* WORK ORDER:
For this exercise, reproduce the entries below exactly, but only from the line containing "At the heart" through the line containing "云南网2014年2月9讯(记者 杨之辉 通讯员", both included.

* INFORMATION PROVIDED:
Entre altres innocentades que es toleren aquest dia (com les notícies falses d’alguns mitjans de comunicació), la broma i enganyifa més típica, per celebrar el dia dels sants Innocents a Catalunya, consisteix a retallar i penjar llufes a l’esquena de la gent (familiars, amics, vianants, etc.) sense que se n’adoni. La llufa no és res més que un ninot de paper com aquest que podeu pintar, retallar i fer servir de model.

* * *

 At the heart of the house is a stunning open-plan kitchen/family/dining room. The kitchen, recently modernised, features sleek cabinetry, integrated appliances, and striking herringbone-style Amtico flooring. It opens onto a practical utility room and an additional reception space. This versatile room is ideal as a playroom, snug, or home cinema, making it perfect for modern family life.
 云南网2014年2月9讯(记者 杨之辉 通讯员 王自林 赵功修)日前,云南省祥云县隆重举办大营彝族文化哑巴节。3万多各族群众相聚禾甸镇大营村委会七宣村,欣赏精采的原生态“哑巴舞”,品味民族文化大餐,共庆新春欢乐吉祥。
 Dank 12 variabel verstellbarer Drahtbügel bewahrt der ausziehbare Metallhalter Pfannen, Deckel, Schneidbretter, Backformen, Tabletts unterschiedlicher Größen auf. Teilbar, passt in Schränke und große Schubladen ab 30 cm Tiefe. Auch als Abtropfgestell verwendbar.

* THE ANSWER:
 At the heart of the house is a stunning open-plan kitchen/family/dining room. The kitchen, recently modernised, features sleek cabinetry, integrated appliances, and striking herringbone-style Amtico flooring. It opens onto a practical utility room and an additional reception space. This versatile room is ideal as a playroom, snug, or home cinema, making it perfect for modern family life.
 云南网2014年2月9讯(记者 杨之辉 通讯员 王自林 赵功修)日前,云南省祥云县隆重举办大营彝族文化哑巴节。3万多各族群众相聚禾甸镇大营村委会七宣村,欣赏精采的原生态“哑巴舞”,品味民族文化大餐,共庆新春欢乐吉祥。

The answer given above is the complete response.